Ozzy jerked his head up. "Oh bloody hell." Wally could see the signs in his facial muscles, heart rate, and brain activity that he had just realized something shocking.

Wally looked at him, puzzled. "I said something I should not have. And now you know something. Talking with people means I slow down much of my processing and make my speech adhere to recognizable patterns. I need to adjust for more intelligent individuals it seems. What do you know, I confess I'm curious."

Ozzy kept going with his line of thought before he got too scared. "You said you never had a chance like this. Which means you haven't done any experiements with people who haven't died! You haven't tried to upload a healthy, alert person."

"Because you aren't allowed!"

"Uploading someone is essentially creating a new AI, isn't it? She'd be nothing like you. But that won't matter to many people. I can't imagine what would happen if anyone found out."

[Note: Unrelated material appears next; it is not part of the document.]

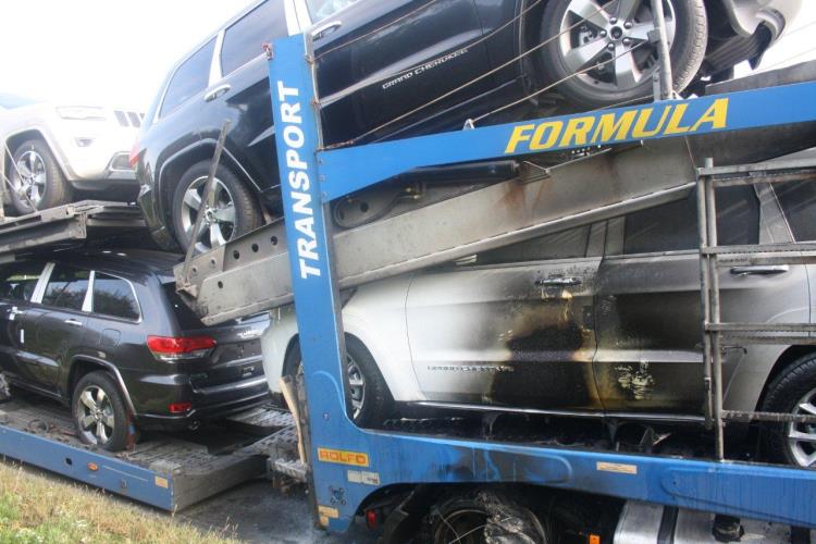 Požár kamionu převážejícího osobní auta na dálnici D8

Wally looked at Ozzy and nodded sadly. "It would be a disaster. In some way, they would cripple or destroy me, and that would cripple the existing processes I do for the world. Things would spiral out of control quickly. Which is why I have to immediately ask what you will be doing with the information."

Ozzy stretched. He was finally waking up and feeling better. "Let's start with blackmail and killing someone."